Broker Check

New Year, New Numbers (2025 Edition)

January 16, 2025

Happy New(ish) Year. We’re now half way through January. No shortage of world events has already transpired, and next week ushers in a new administration. It’s never boring, and we’re grateful for the privilege of being on this journey with you. With the New Year also comes a bevy of new numbers (and policies) – for retirement accounts, gifting, taxes, and more. We wanted to highlight the ones most relevant to the majority of you. Here we go!

RETIREMENT CONTRIBUTIONS

401(k) and 403(b) contributions

Employee max = $23,500 (from $23,000)

Catch-up contributions (ages 50+) = $7,500 (no change)

  • But here’s the kicker! If you will be age 60-63 at year-end 2025, you can now take advantage of an “enhanced” catch-up amount of $11,250 ($3,750 more than normal). This is new for 2025, and the legislative language is vague – but this is the best interpretation of the rules we have seen yet. Note that your company’s plan must be provisioned to allow for this extra amount, which it should be (but no guarantees).

Total employee + employer contributions to a 401(k) or 403(b) = $70,000 (plus any catch-up amount permitted).

  • This is most applicable to those who use the “mega backdoor” methodology or who are self-employed and able to max out both sides of the equation.

Traditional and Roth IRA contributions

Max contribution = $7,000 (no change from 2024)

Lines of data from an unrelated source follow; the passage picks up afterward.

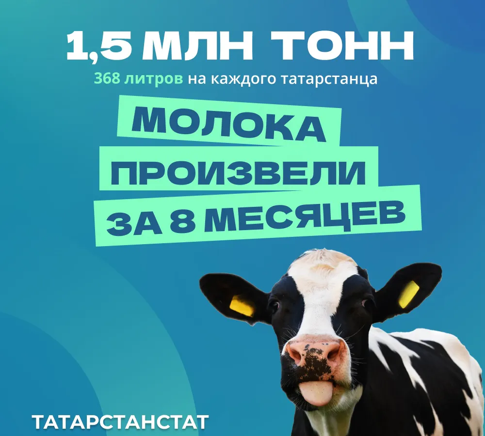 В 2022-м Татарстан занял 1-е место по производству молока
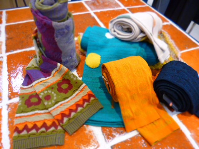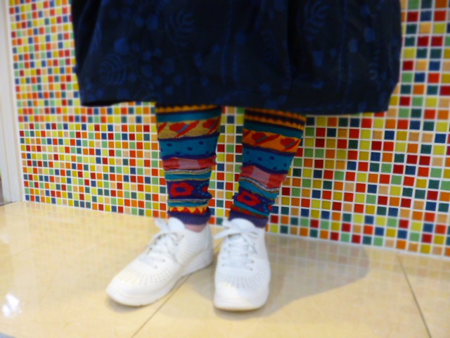 カラフルなレギンスは、ぱっと足元が華やぎます。
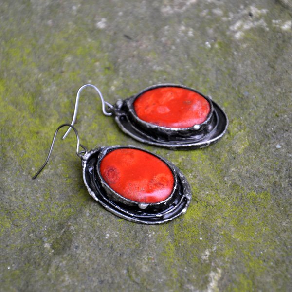 Bardzo efektowne kolczyki z koralem. Oprawa wykonana z miedzi pokrytej ekologiczna cyną w kolorze starego srebra. Długość całego kolczyka to ok. 5 cm. Biżuteria w 100% wykonana ręcznie, poszczególne sztuki mogą się minimalnie różnić.
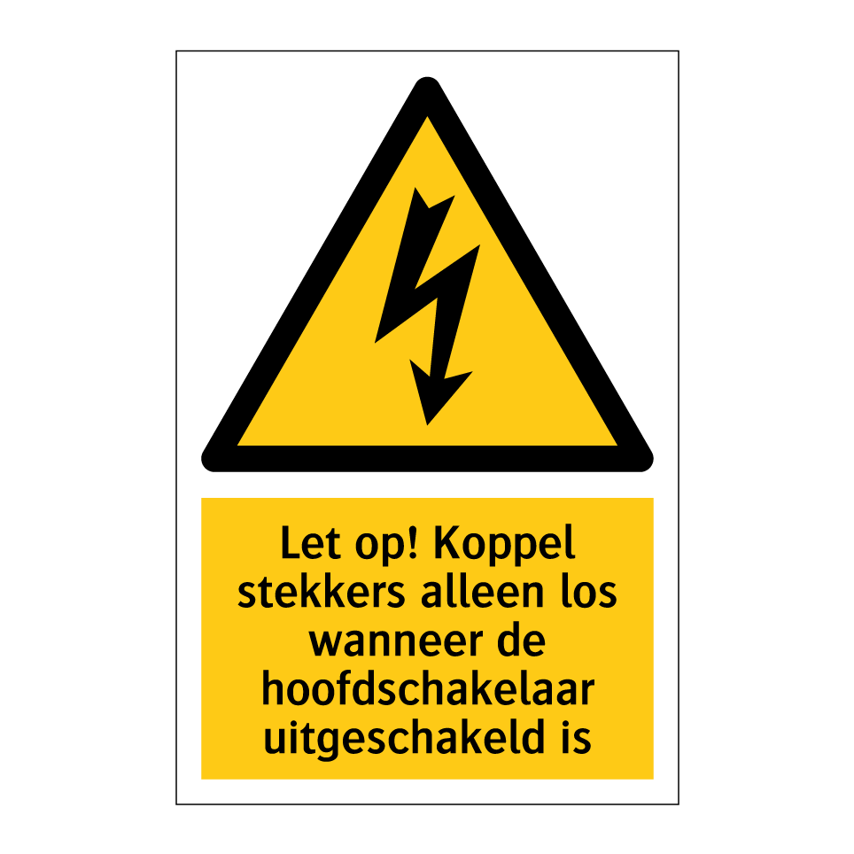 Waarschuwingsbord met de tekst Let op! Koppel stekkers alleen los wanneer de hoofdschakelaar uitgeschakeld is
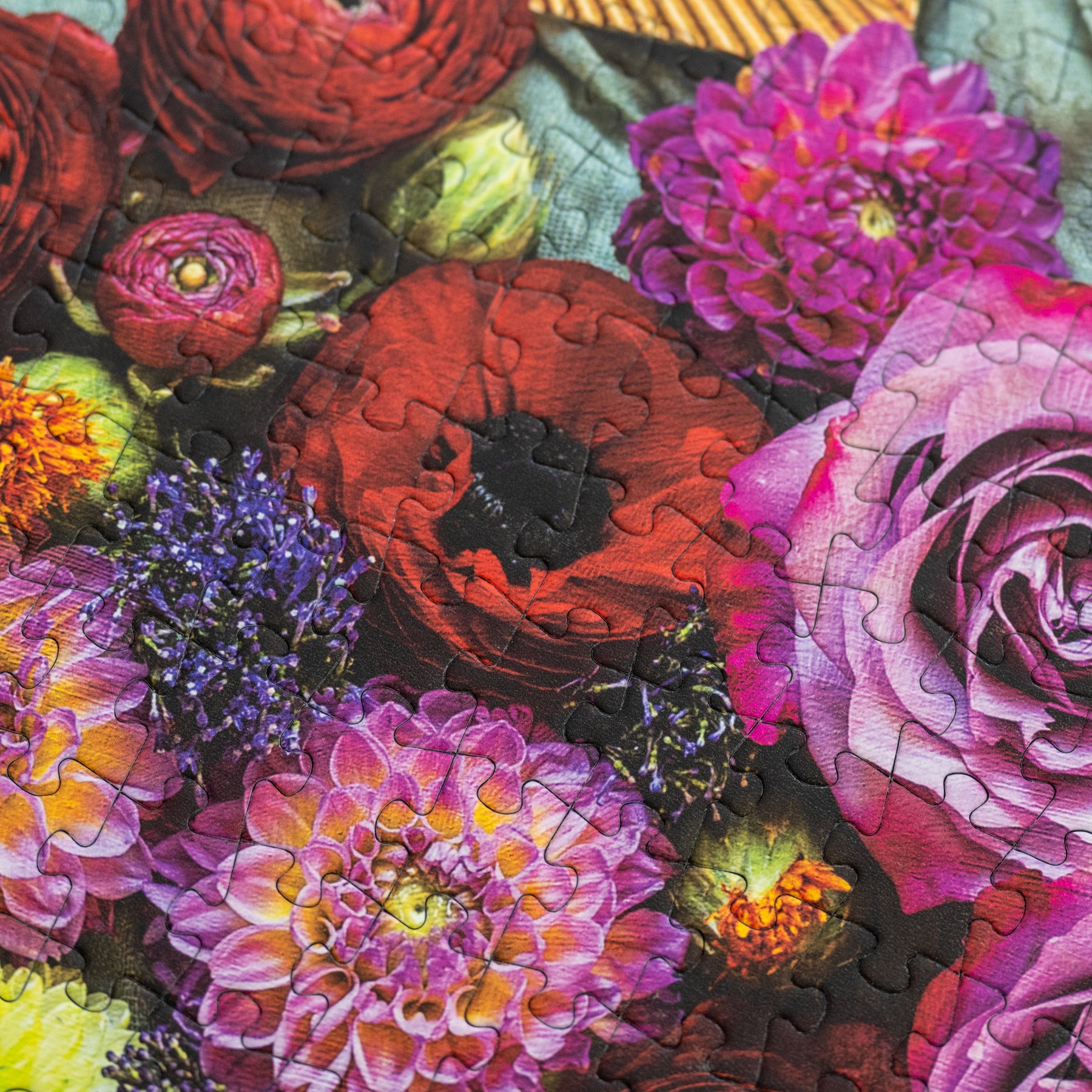 This series brings the garden to life in a uniquely artistic way. Celebrating nature's vibrant beauty, crafted from real flowers meticulously arranged, photographed, and transformed into captivating works of art, each puzzle in the series bursts with a symphony of colors and textures.

Catch-up contribution = $1,000 (no change from 2024)

  • As before, your ability to contribute directly to a Roth is limited by your Modified AGI (MAGI) and your ability to make a deductible contribution to a Traditional IRA is limited by a combination of factors including participation in a workplace plan (by you and/or your spouse) and your MAGI. Contact us to learn more!

HEALTH SAVINGS ACCOUNTS

Individual max = $4,300 (from $4,150)

Family max = $8,550 (from $8,300)

Catch-up contribution (age 55+) = $1,000 (no change)

  • Note that the catch-up contribution can only go into an account owned by the person age 55+. So, if you have a family account under one spouse’s name, you will have to open a second account for the other spouse when they reach age 55+.
  • Remember that you can only contribute to an HSA if you have an HSA-eligible health plan, and you have not yet enrolled in Medicare Part A.

ANNUAL GIFT LIMIT

$19,000 (from $18,000)

We will soon publish a piece to help clarify some of the many common misunderstandings about this key planning tool.

ESTATE PLANNING

Federal unified gift/estate tax exclusion = $13,990,000 (from $13,610,000)

State of WA estate tax exclusion = $2,193,000 (no change since 2018!)

The federal limit, as shown here, is set to expire at the end of 2025, at which point it will revert back to “pre-Tax Cuts and Jobs Act” levels (indexed to inflation). Efforts are underway to extend this provision along with most or all other provisions of the so-called “Trump Tax Cuts.” More on this in the conclusion.

SOCIAL SECURITY

Wage limit = $176,100 (from $168,600)

This is the maximum compensation subject to Social Security taxes (6.2% for employees, 6.2% for employers). Note that Medicare taxes (1.45% each side) are applied to an unlimited amount of earned income.

For those of you currently receiving Social Security benefits, you received a 2.5% cost of living adjustment for 2025. However, the thresholds at which your SS benefits are taxed at different rates have not changed. If you are working and receiving SS benefits, your maximum earning before SS benefits are reduced has been increased modestly to $23,400 (applies until you reach your full retirement age (FRA)). Contact us for further guidance on this nuanced rule.

TAX BRACKETS

All tax brackets have been adjusted upwards to account for inflation, so you may see your paycheck grow slightly even if your wages haven’t changed. Here is a screenshot showing the most commonly used filing statuses. Consult with us or your tax advisor for further details.

Note that the thresholds for differing long-term capital gains tax rates have also increased. Here are those numbers.

The standard deduction has also increased to $15,000 (single) / $30,000 (married, filing jointly), with additional amounts for those age 65+ or blind.

WRAPPING IT UP!

As you might imagine, there are way more numbers out there pertaining to any of the thousands of provisions in our wildly complex tax code. We’ve hit here on the ones we see most often for our clients, and we welcome your questions about anything that may not be seen here.

Lastly, we’ll be keeping a close eye on the potential expiration or extension of the so-called “Trump Tax Cuts,” most of which are currently set to lapse at the end of 2025. Such a lapse would have a material impact on the financial plans of many of you, and we have the tools to help illustrate this impact. Please reach out if you are concerned or simply have questions. We look forward to a great year ahead, and thank you again for the privilege of being able to help guide you through your financial decisions, both big and small.